== Task inputs ==

-------

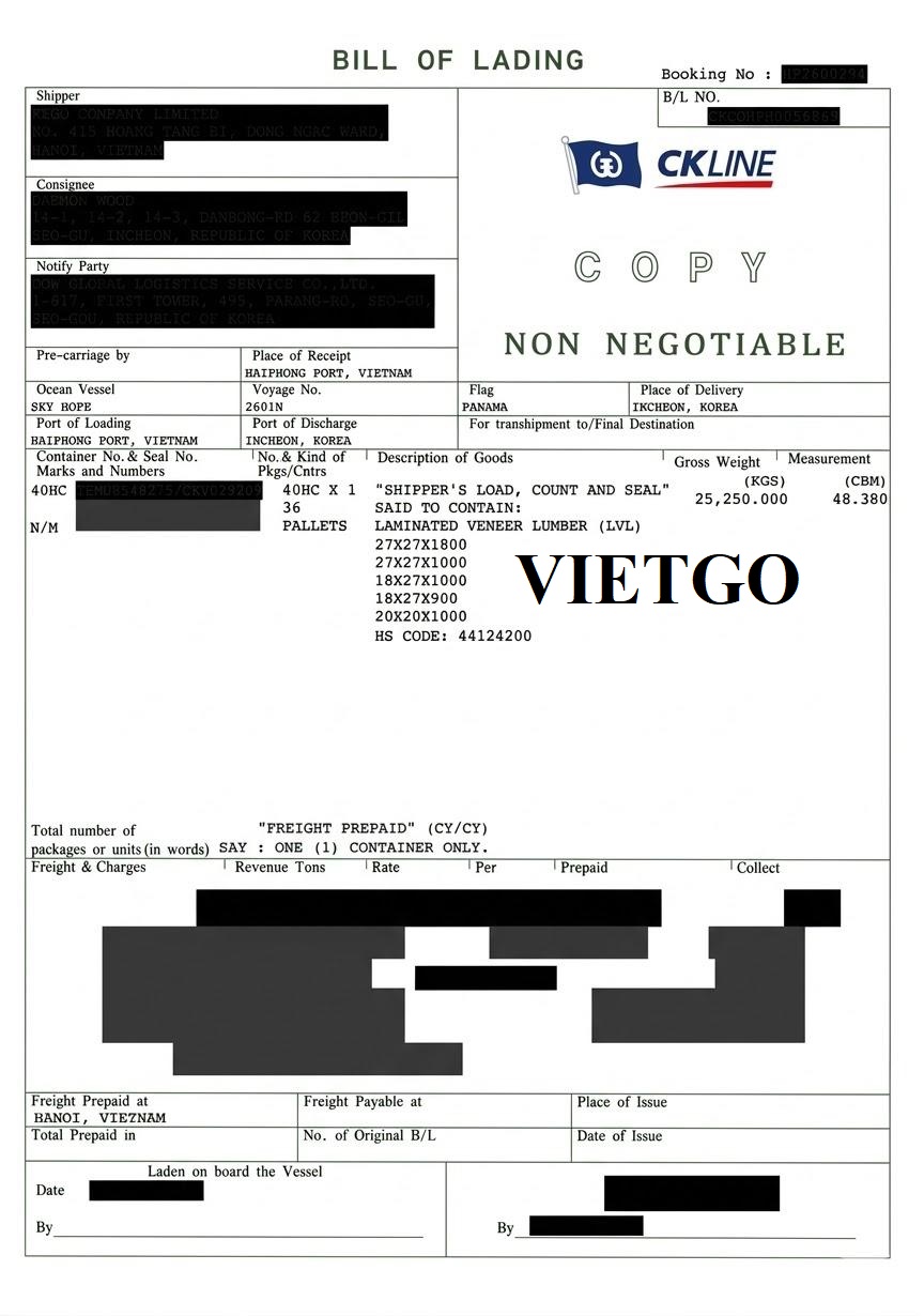 Hình ảnh bản vận đơn nhập khẩu gỗ dán LVL của công ty vị khách hàng từ Việt Nam
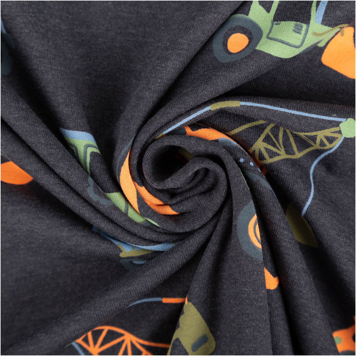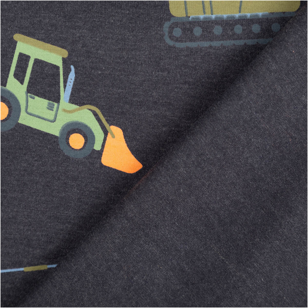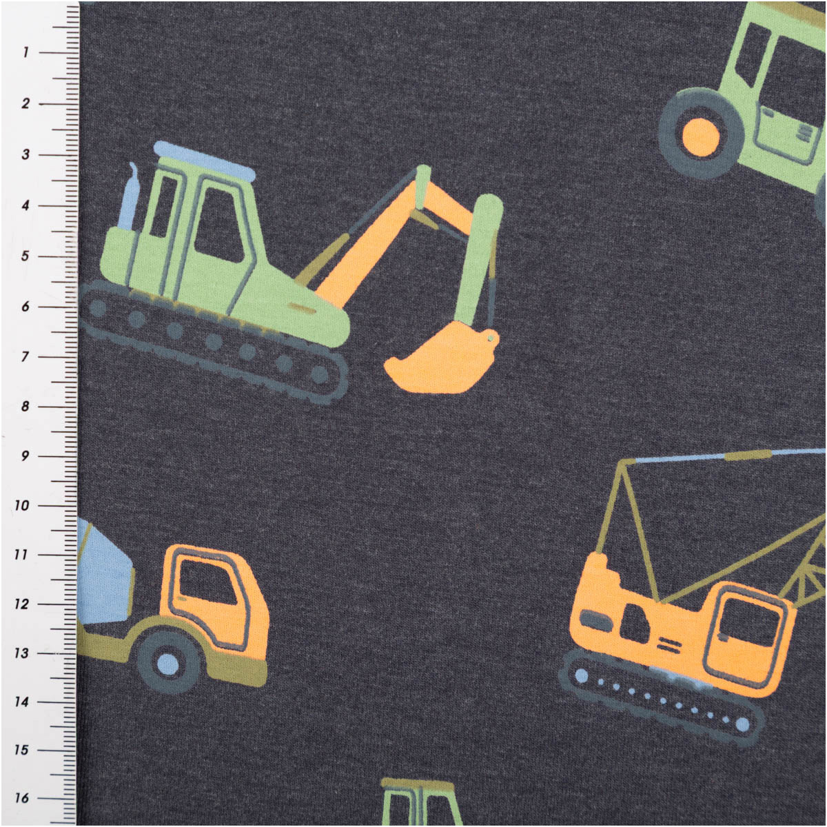Jersey Stoff Baufahrzeuge marineblau meliert neon bunt 1,48 m Breite
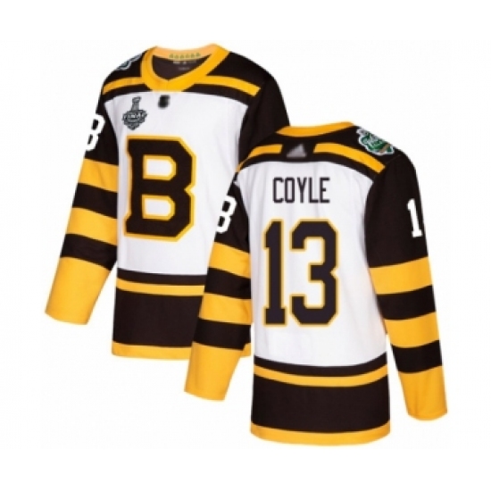 >Youth Boston Bruins #13 Charlie Coyle Authentic White Winter Classic 2019 Stanley Cup Final Bound Hockey Jersey
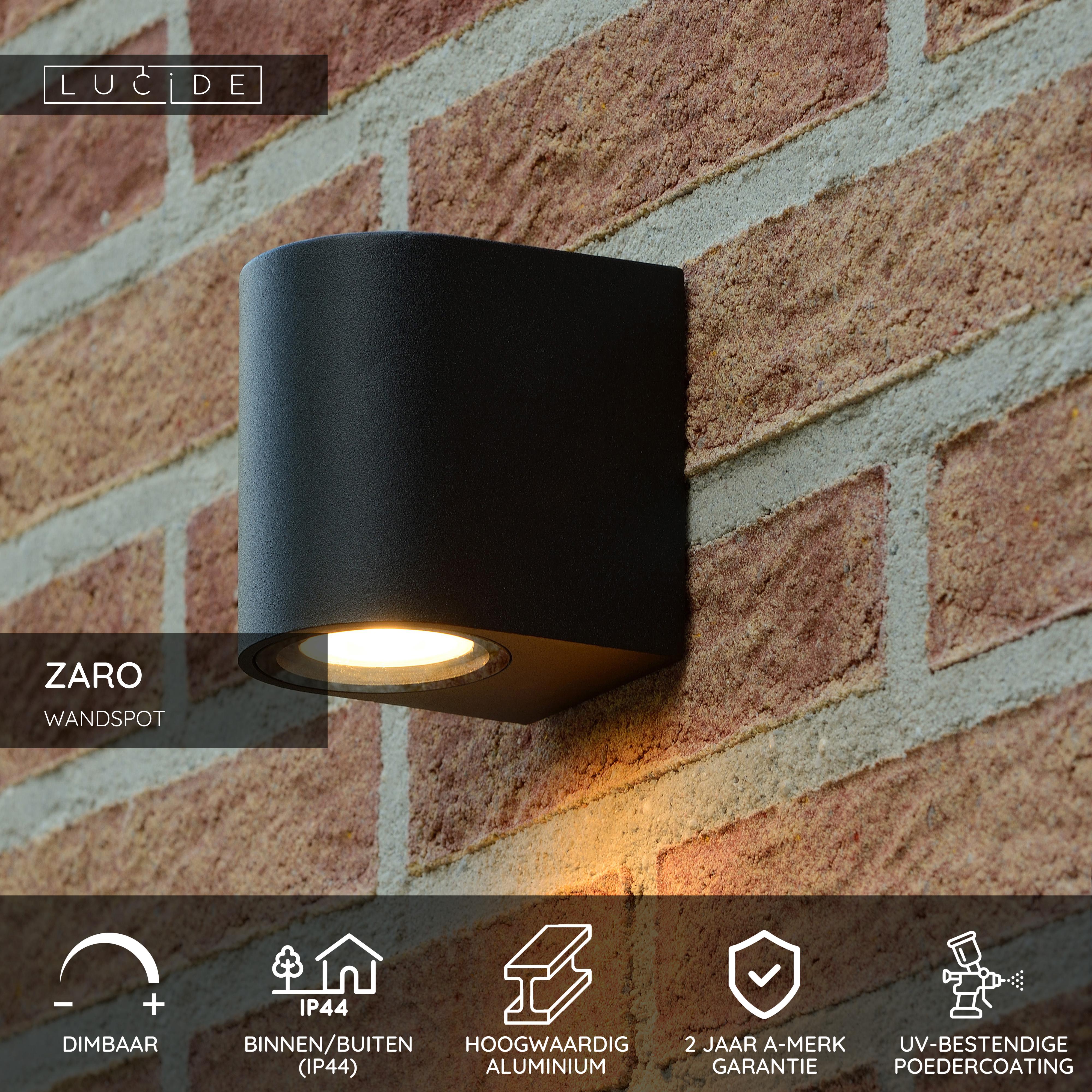 Lucide ZARO - Wandspot / Wandlamp Binnen/Buiten - 1xGU10 - IP44 - Zwart
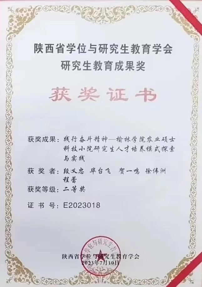 近日,陕西省学位与研究生教育学会公布了研究生教育成果奖“陕学会【2023】10号”,beat365段义忠老师主持完成的《践行奋斗精神—beat365英国官方网站农业硕士科技小院研究生人才培养模式探索与实践》获得陕西省学位与研究生教育学会教育成果二等奖。
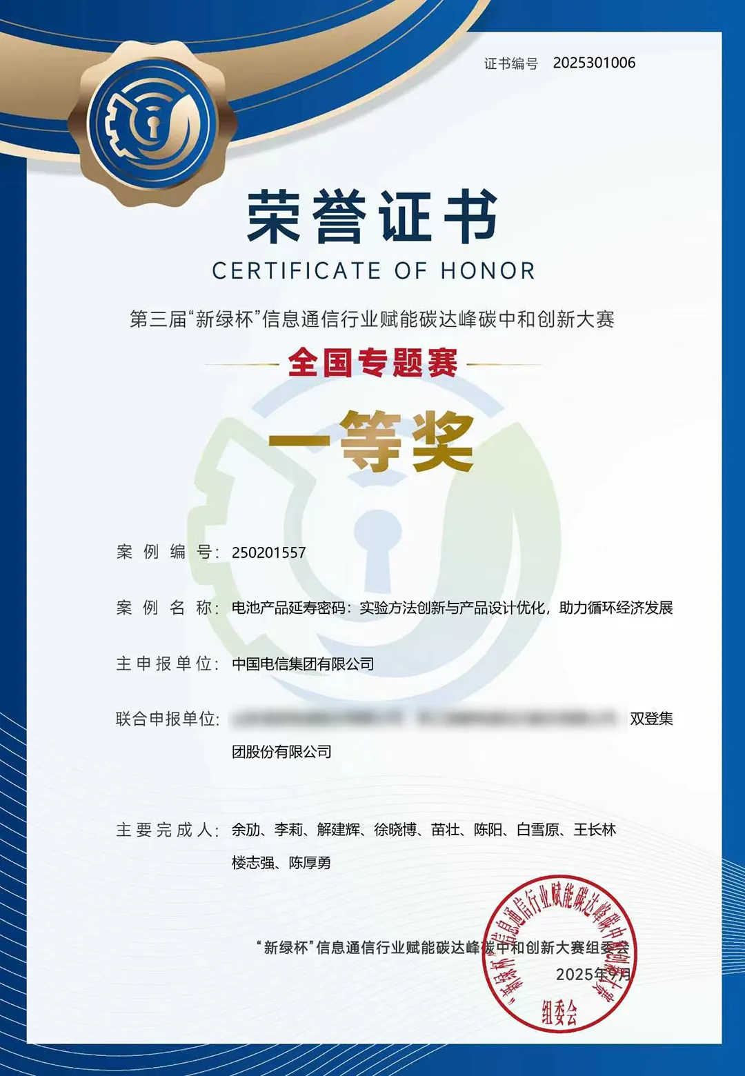 与此同时,bg大游股份联合中国电信及部分行业友商共同申报的“电池产品延寿密码:实验方法创新与产品设计优化,助力循环经济发展”项目,凭借在电池全生命周期管理领域实现突破性创新和显著的应用价值,勇夺全国总冠军二等奖及全国专题赛一等奖两项重磅荣誉。
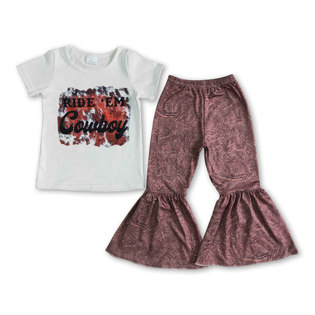 White short sleeves cowboy top pants western girls clothes
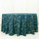 Seamless Round Polyester Tablecloth With Gold Foil Geometric Pattern 120" for 5 Foot Table With Floor-Length Drop
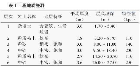 土層分布情況,該工程地質(zhì)概況是根據(jù)回填土方?jīng)]有全部完成時,某一單體地質(zhì)勘察報(bào)告揭示,土層分布大至為6層,見表1。
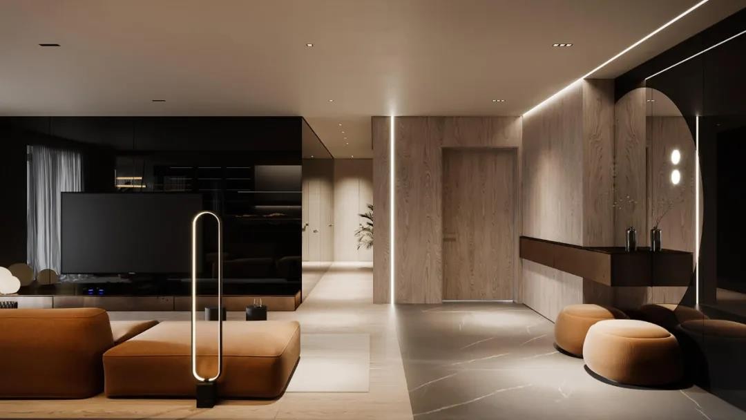 计师结合现代化的居家元素,呈现了一个温馨、质雅的室内空间。空间中没有过多的强力照明,更多的是辅助灯源,来营造简约、温馨的居家气氛,嵌入木饰面中的线性光作为辅助照明,增加了空间的亮度。
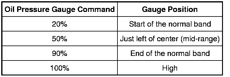 - Select the IPC oil pressure gauge (OIL_PRESS) active command and scroll the gauge according to the following table:

-------

Everything in the listing should be copied exactly, apart from the images it holds.

 Hình ảnh bản vận đơn nhập khẩu gỗ dán LVL của công ty vị khách hàng từ Việt Nam
Jersey Stoff Baufahrzeuge marineblau meliert neon bunt 1,48 m Breite
 >Youth Boston Bruins #13 Charlie Coyle Authentic White Winter Classic 2019 Stanley Cup Final Bound Hockey Jersey
 Lucide ZARO - Wandspot / Wandlamp Binnen/Buiten - 1xGU10 - IP44 - Zwart
 近日,陕西省学位与研究生教育学会公布了研究生教育成果奖“陕学会【2023】10号”,beat365段义忠老师主持完成的《践行奋斗精神—beat365英国官方网站农业硕士科技小院研究生人才培养模式探索与实践》获得陕西省学位与研究生教育学会教育成果二等奖。
 与此同时,bg大游股份联合中国电信及部分行业友商共同申报的“电池产品延寿密码:实验方法创新与产品设计优化,助力循环经济发展”项目,凭借在电池全生命周期管理领域实现突破性创新和显著的应用价值,勇夺全国总冠军二等奖及全国专题赛一等奖两项重磅荣誉。
 White short sleeves cowboy top pants western girls clothes
 Seamless Round Polyester Tablecloth With Gold Foil Geometric Pattern 120" for 5 Foot Table With Floor-Length Drop
 土層分布情況,該工程地質(zhì)概況是根據(jù)回填土方?jīng)]有全部完成時,某一單體地質(zhì)勘察報(bào)告揭示,土層分布大至為6層,見表1。
 计师结合现代化的居家元素,呈现了一个温馨、质雅的室内空间。空间中没有过多的强力照明,更多的是辅助灯源,来营造简约、温馨的居家气氛,嵌入木饰面中的线性光作为辅助照明,增加了空间的亮度。
 - Select the IPC oil pressure gauge (OIL_PRESS) active command and scroll the gauge according to the following table:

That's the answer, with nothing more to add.